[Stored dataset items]
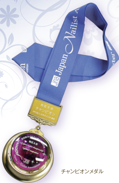
チャンピオンメダル
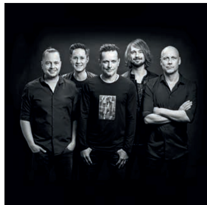
Hlavním tahákem slavností se stane vystoupení hudební kapely Chinaski.

kteřá rozproudí krev všem návštěvníkům. Vstup do areálu letního kina bude zploplněn částkou 300 Kč, nabídne ale návštěvníkům neocenitelný zážitek a nezapomenutelné chvíle plné
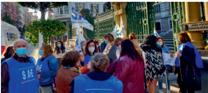
Un momento de la concentración.
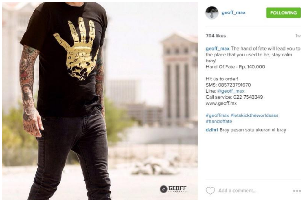
Gambar 1.3 Contoh Quote dalam Instagram @geoff_max
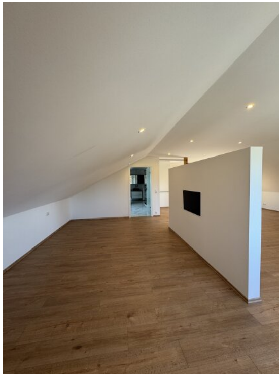
Loft - Wohnbereich
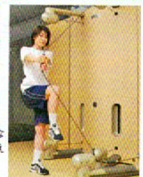
3次元の動きでゴルフに必要な筋肉を作るキネシス。体幹が鍛えられ、シェイプ効果も大。
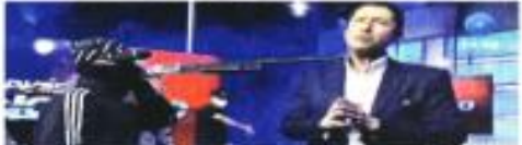
El Fiscal investigaba la irrupción de hombres armados en un canal de televisión el pasado 5 de enero.

En una entrevista el martes pasado con el diario ecuatoriano El Universo, Suárez dijo que no contaba con investigación, pese a que días antes había interrogado a los 13 detenidos por la in-
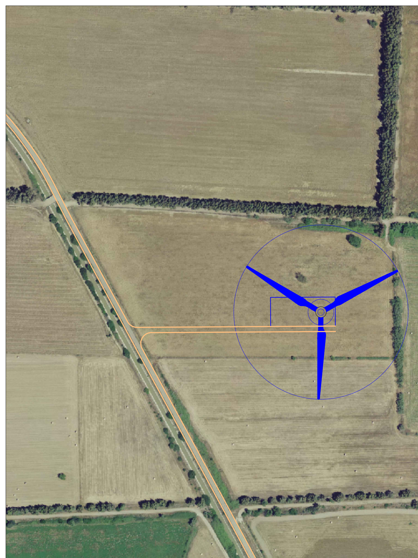
AG01 - PIAZZOLA E VIABILITA' IN FASE DI ESERCIZIO
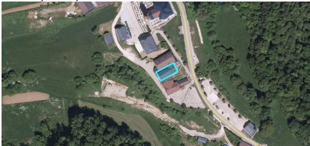
Slika: Lokacije investicije
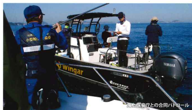
海上保安庁との合同パトロール
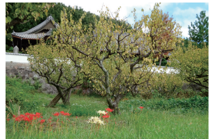
（六萬寺に咲いていた白い彼岸花）
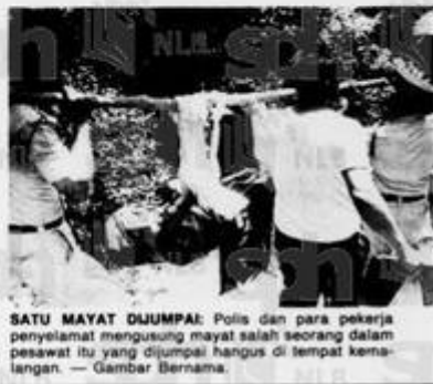
SATU MAYAT DIJUMPAI: Polis dan para pekerja penyelamat mengusung mayat salah seorang dalam pesawat itu yang dijumpai hangus di tempat kemalangan. — Gambar Bernama.

Ia mengendalikan sekurang-kurangnya tiga penerbangan seminggu ke Kuala Lumpur. — Bernama.
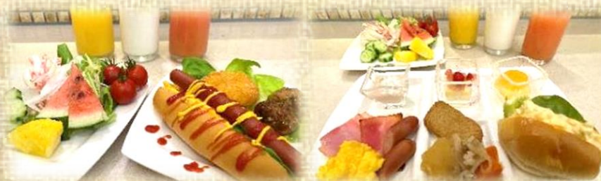
お客様ご自身がつくる ホットドッグ & サンドイッチ
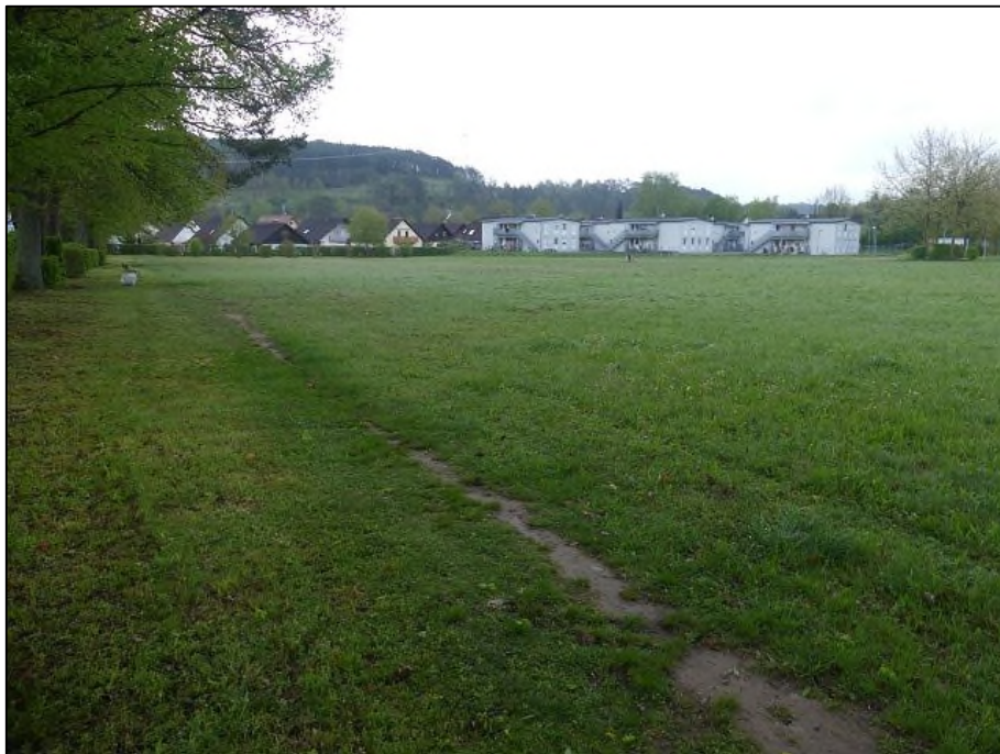
Abb. 6: Grünland im Nordosten des Geltungsbereiches, Blick nach Osten (17.04.2024)

» **What to work on**:
Looking through the data above, copy out each line in which the string "Gambar" occurs.

» **Result of the task**:
Gambar 1.3 Contoh Quote dalam Instagram @geoff_max
SATU MAYAT DIJUMPAI: Polis dan para pekerja penyelamat mengusung mayat salah seorang dalam pesawat itu yang dijumpai hangus di tempat kemalangan. — Gambar Bernama.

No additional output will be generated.